Hal Finkel via llvm-dev llvm-dev at lists.llvm.org
Wed Mar 8 08:52:16 PST 2017


(adding the subject back to this thread)


On 03/08/2017 10:50 AM, Tian, Xinmin wrote:
> A quick update, we have been looking through all LLVM passes to identify the impact of "IR-region annotation", and interaction issues with the rest of LoopOpt and scalarOpt, e.g.  interaction with vectorization when you have schedule(simd:guided: 64). What are the common properties for optimizer to know on IR-region annotations. We have our implementation working from O0, O1, O2 to O3. So far, the changes we made in the existing LLVM opt passes are < 200 LOC. ClangFE to executable end-to-end linked our omp library, and we also updated our implementation using token/tag on the intrinsics based on feedback from Google (David) and Xilinx (Hongbin). I am still owe Mehdi some answers.
>
> One feedback for PIR RFC, putting "fork" into loop body does not work for loop vectorizer, it shuts down vectorization, this is the same issue as MIT's scheme.
>
> Thanks,
> Xinmin
>
>
> -----Original Message-----
> From: Hal Finkel [mailto:hfinkel at anl.gov]

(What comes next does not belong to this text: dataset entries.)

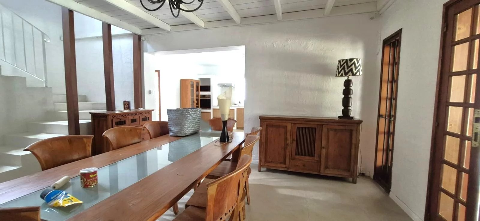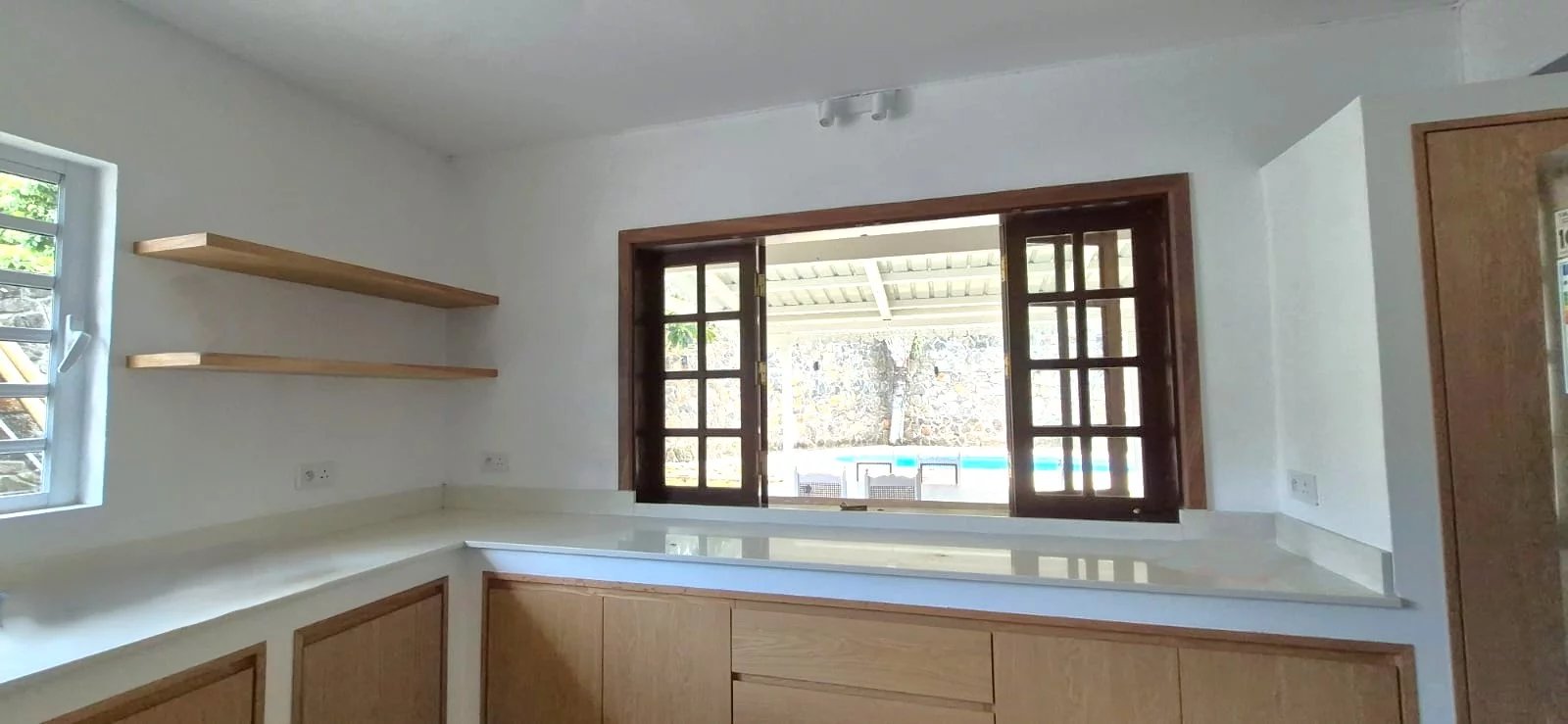 Nichée au cœur d’un jardin paysager privé, la villa s’organise autour d’une superbe piscine et d’une vaste terrasse, créant une harmonie parfaite entre les espaces intérieurs et extérieurs. La grande terrasse surplombe le jardin et la piscine, servant de cadre idéal pour recevoir, dîner en plein air ou simplement profiter de l’environnement tropical en toute intimité.
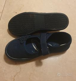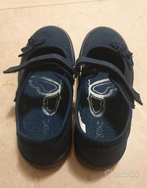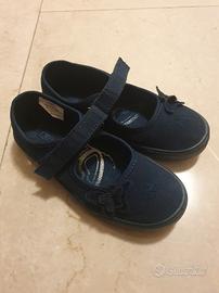 Scarpe ballerine per bambina, colore blu, marca Next, chiusura con cinturino col velcro, applicazione di una farfallina blu sul lato, suola in gomma, misura 31. Usate pochissimo, quasi pari al nuovo.
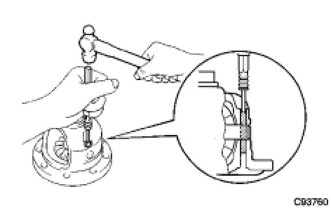 (e) Using a chisel and a hammer, stake the outside of the differential case pin hole.
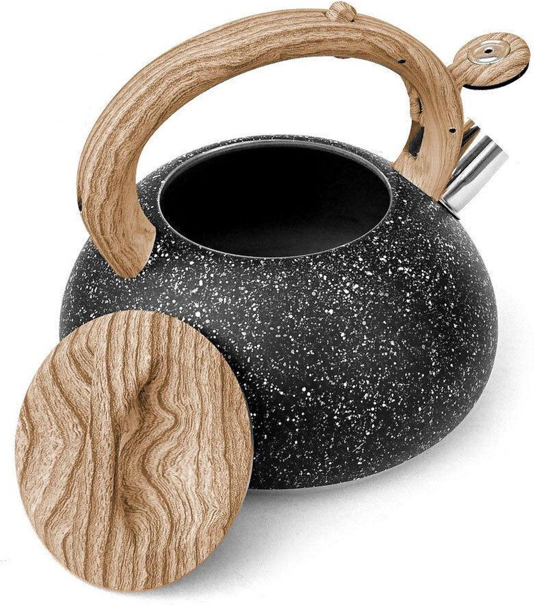 De ketel is gemaakt van roestvrij staal bedekt met een marmeren coating. Zachte handgreep bedekt met een laag hout-imiterende siliconen.... Lees meer

> Sent: Wednesday, March 8, 2017 5:51 AM
> To: Johannes Doerfert <doerfert at cs.uni-saarland.de>; LLVM-Dev <llvm-dev at lists.llvm.org>
> Cc: Sanjoy Das <sanjoy at playingwithpointers.com>; Mehdi Amini <mehdi.amini at apple.com>; Chandler Carruth <chandlerc at gmail.com>; Adve, Vikram Sadanand <vadve at illinois.edu>; Tian, Xinmin <xinmin.tian at intel.com>; TB Schardl <neboat at mit.edu>; acjacob at us.ibm.com
> Subject: Re:
>
>
> On 03/08/2017 07:36 AM, Johannes Doerfert wrote:
>> <mehdi.amini at apple.com>,
>> Bcc:
>> Subject: Re: [llvm-dev] [RFC][PIR] Parallel LLVM IR -- Stage 0 -- IR
>> extension
>> Reply-To:
>> In-Reply-To: <20170224221713.GA931 at arch-linux-jd.home>
>>
>> Ping.
>>
>>
>>
>>
>> PS.
>>
>>     Are there actually people interested in this?
>>
>>     We will continue working anyway but it might not make sense to put it
>>     on reviews and announce it on the ML if nobody cares.

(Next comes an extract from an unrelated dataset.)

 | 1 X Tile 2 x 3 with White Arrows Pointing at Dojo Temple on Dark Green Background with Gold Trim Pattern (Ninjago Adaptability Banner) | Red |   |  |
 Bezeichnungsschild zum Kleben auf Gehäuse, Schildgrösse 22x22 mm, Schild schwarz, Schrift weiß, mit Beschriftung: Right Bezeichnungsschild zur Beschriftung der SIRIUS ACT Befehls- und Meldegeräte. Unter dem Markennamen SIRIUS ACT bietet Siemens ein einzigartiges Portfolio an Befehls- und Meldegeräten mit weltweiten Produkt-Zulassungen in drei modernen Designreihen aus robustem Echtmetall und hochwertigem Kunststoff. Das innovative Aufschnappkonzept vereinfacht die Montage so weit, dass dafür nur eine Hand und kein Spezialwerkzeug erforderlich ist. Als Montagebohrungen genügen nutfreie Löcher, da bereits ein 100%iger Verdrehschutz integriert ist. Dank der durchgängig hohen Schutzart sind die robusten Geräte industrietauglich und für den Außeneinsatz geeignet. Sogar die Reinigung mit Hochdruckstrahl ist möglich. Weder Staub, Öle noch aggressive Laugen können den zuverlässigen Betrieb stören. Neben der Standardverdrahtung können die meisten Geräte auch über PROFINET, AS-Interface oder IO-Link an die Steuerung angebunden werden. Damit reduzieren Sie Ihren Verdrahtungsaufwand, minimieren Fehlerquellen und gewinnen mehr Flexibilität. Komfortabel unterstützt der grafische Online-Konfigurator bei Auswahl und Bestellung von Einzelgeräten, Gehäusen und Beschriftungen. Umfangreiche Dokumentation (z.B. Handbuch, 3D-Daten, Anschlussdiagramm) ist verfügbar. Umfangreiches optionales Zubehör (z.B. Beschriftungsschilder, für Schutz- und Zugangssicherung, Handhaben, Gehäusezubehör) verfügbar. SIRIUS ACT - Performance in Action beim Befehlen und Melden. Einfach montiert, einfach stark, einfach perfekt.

> I certainly care, and will also respond to the RFC, this week or next.
>
>    -Hal
>
>>
>>
>> On 02/24, Johannes Doerfert via llvm-dev wrote:
>>> To (re)start a discussion here we published two patches to the
>>> phabricator:
>>>
>>> 1) A documentation draft (including LangRef) for the PIR instructions
>>>      and the parallel regions [0].
>>>
>>> 2) A draft implementation for a ParallelRegionInfo pass that identifies
>>>      and maintains parallel regions in the CFG [1]. It also serves as a
>>>      verifier pass for now.
>>>
>>> Please take a look and comment the patches either in the phabricator
>>> or here on the list.
>>>
>>> Thanks!
>>>
>>> [0] https://reviews.llvm.org/D30353
>>> [1] https://reviews.llvm.org/D30354
>>>
>>>
>>> On 01/28, Johannes Doerfert via llvm-dev wrote:
>>>> Dear all,
>>>>
>>>> This RFC proposes three new LLVM IR instructions to express
>>>> high-level parallel constructs in a simple, low-level fashion. For
>>>> this first stage we prepared two commits that add the proposed
>>>> instructions and a pass to lower them to obtain sequential IR. Both
>>>> patches have be uploaded for review [1, 2]. The latter patch is very
>>>> simple and the former consists of almost only mechanical changes needed to add new instructions.
>>>>
>>>> The rest of this email contains (1) an introduction of the IR
>>>> extension
>>>> (2) the reasoning behind this approach, (3) a comparison to other
>>>> ideas proposed so far, (4) a validation of the feasibility and
>>>> potential impact, and (5) an outlook on the next steps.
>>>>
>>>> (1) IR extension:
>>>> Parallel IR adds three new terminator instructions that define the
>>>> beginning and the end of parallel regions in the CFG. A parallel
>>>> region is a connected subgraph of the CFG that is potentially
>>>> executed by two threads in parallel. It can only be entered with a
>>>> fork instruction and spreads till a join instruction is reached.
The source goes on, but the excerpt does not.